# Depleting Volume

• Mar 17th 2014, 06:56 AM
VinH
Depleting Volume
Hi,

I am trying to figure out how an answer from my textbook was worked out. The textbook contains MANY ridiculous errors, so I would like to get a second opinion from someone here regarding the accuracy of the solution. It is possible that I just do not understand the logic, but I want to be sure before I go wasting any more time on it. Here is the question:

Code:

`A plastic juice bottle holds 2 L of liquid. In an experiment, a small hole is drilled in the bottom of the bottle. The volume of liquid, V, remaining after t seconds can be modelled by V(t) = 2 - t/5 + t^2/200, where t >= 0. How long does it take for the 2L of liquid to drain from the bottle?`
The solution provided is as follows:

Code:

```V(t) = 2 - t/5 + t^2/200 V(t) = 2000 - 200t + 5t^2 V(t) = 5(400 - 40t + t^2) V(t) = 5(20 - t)(20 + t) 20 - t = 0 20 = t It takes 20 seconds to drain the bottle.```
I do not understand how they are getting to step #2 in their solution and I would really appreciate some clarification.
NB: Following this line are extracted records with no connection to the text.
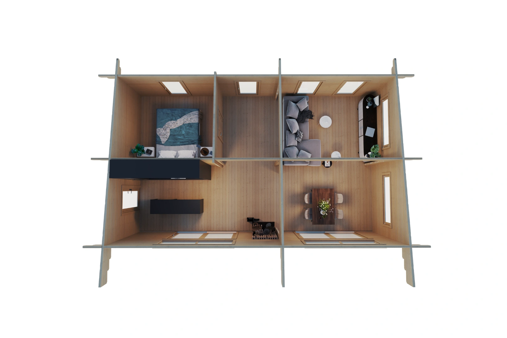 Mit Außenwandmaßen von 1000 x 595 cm bietet das Ferienhaus Lindi eine beeindruckende Grundfläche von 56,8 m². Die Raumaufteilung lässt sich flexibel gestalten und bietet Platz für verschiedene Wohnkonzepte – ob als offener Wohnbereich mit integrierter Küche oder mit separaten Zimmern für mehr Privatsphäre.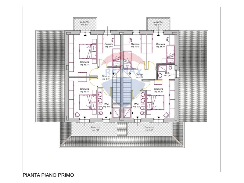 Al Piano primo: tre camere matrimoniali, bagno, disimpegno, n.2 terrazze.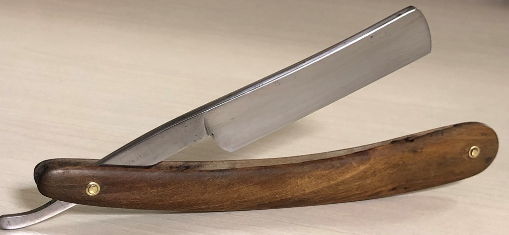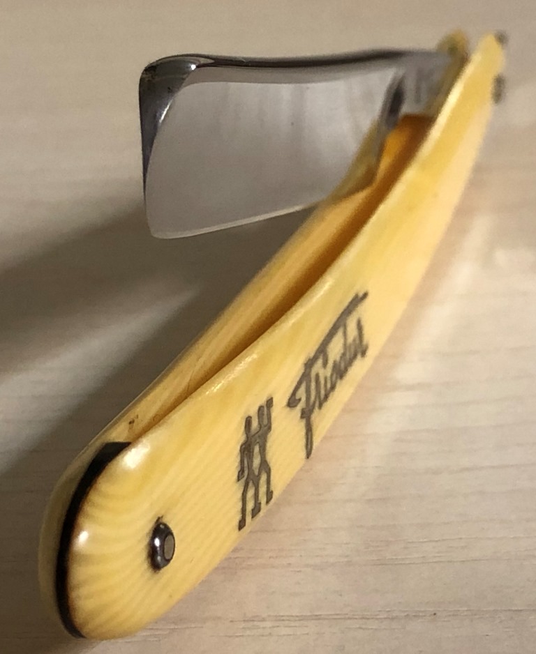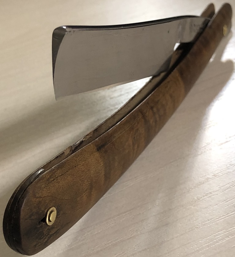 Ширина полотна-17.5 мм Толщина обушка-4.5 мм Форма лезвия-полная вогнутость. Углеродистая сталь. Бритва непользованная, но пришлось разобрать и немного освежить полотно от патины. Пины поменял на немецкие втулки, с добавлением внутренних шайб, для порядка.Сталь чистая, без видимых дефектов.Очень красивая текстура ручки.Наверное, это не бук.Вижу такую ручку впервые, на таких бритвах.Родная коробочка в комплекте!Заточена и готова к бритью.Не пропустите красивый во всех отношениях и редкий экземпляр. Цена-4500 р с доставкой. ПРОДАН Внимание! Важная информация! Spoiler Show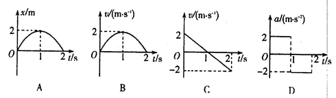 4、选择题 下列图象能正确反映物体在直线上运动,经2s又回到初始位置的是(?)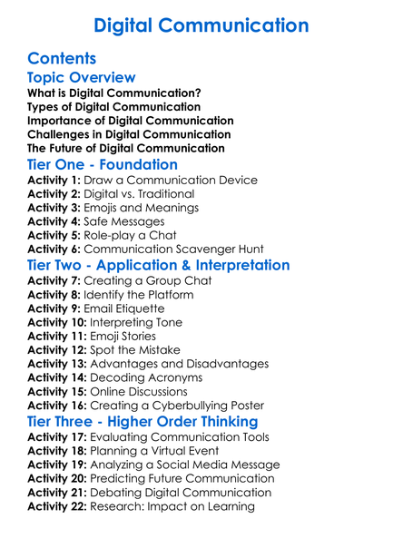 Digital Communication Worksheet Activity Booklet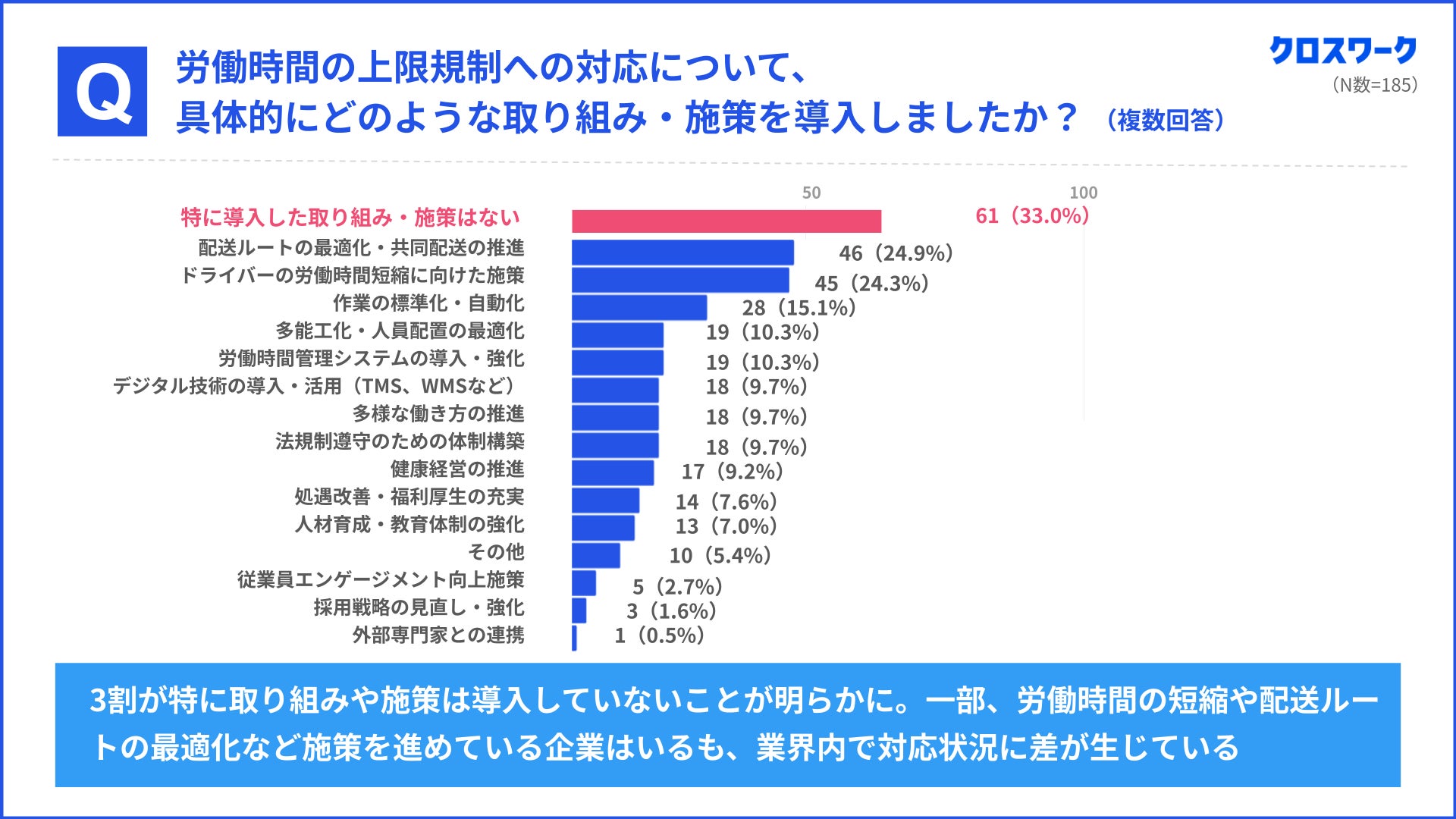 労働時間の上限規制への対応状況を調査したところ、物流事業者の33.0%が『特に取り組みや制度は導入していない』と回答し、対応が遅れている現状が明らかになりました。

I have been racking my brain all day on other problems so it is possible I am overlooking something really obvious at this point.

Thank you.
• Mar 17th 2014, 07:35 AM
earboth
Re: Depleting Volume
Quote:

Originally Posted by VinH
Hi,

I am trying to figure out how an answer from my textbook was worked out. The textbook contains MANY ridiculous errors, so I would like to get a second opinion from someone here regarding the accuracy of the solution. It is possible that I just do not understand the logic, but I want to be sure before I go wasting any more time on it. Here is the question:

Code:

`A plastic juice bottle holds 2 L of liquid. In an experiment, a small hole is drilled in the bottom of the bottle. The volume of liquid, V, remaining after t seconds can be modelled by V(t) = 2 - t/5 + t^2/200, where t >= 0. How long does it take for the 2L of liquid to drain from the bottle?`
The solution provided is as follows:

Code:

```V(t) = 2 - t/5 + t^2/200 V(t) = 2000 - 200t + 5t^2 V(t) = 5(400 - 40t + t^2) V(t) = 5(20 - t)(20 + t) 20 - t = 0 20 = t It takes 20 seconds to drain the bottle.```
I do not understand how they are getting to step #2 in their solution and I would really appreciate some clarification. I have been racking my brain all day on other problems so it is possible I am overlooking something really obvious at this point.

Thank you.

Hello,

V(t) = 2 - t/5 + t^2/200 | *1000 to get the volume in cm³

V(t) = 2000 - 200t + 5t^2

But much more funny is this transformation:

V(t) = 5(400 - 40t + t^2)

V(t) = 5(20 - t)(20 + t) --> this is definitely wrong, it should read

V(t) = 5(20 - t)^2
• Mar 17th 2014, 11:11 AM
HallsofIvy
Re: Depleting Volume
The first step is just silly! Earboth correctly deduced that they must have converted from liters to cubic centimeters but I would object to using "V(t)" to mean both "volume in liters" and "volume in cubic centimeters". Personally, I would not have made that conversion. Given that $V(t)= 2- t/5+ t^2/200$.
When all 2 liters have drained, V(t) will be equal to 0 so we need to solve the equation $2- t/5+ t^2/200= 0$.

Now multiply both side by 200 to get rid of the fractions: $400- 40t+ t^2= (t- 20)^2= 0$ (which is what they have after factoring "5" out).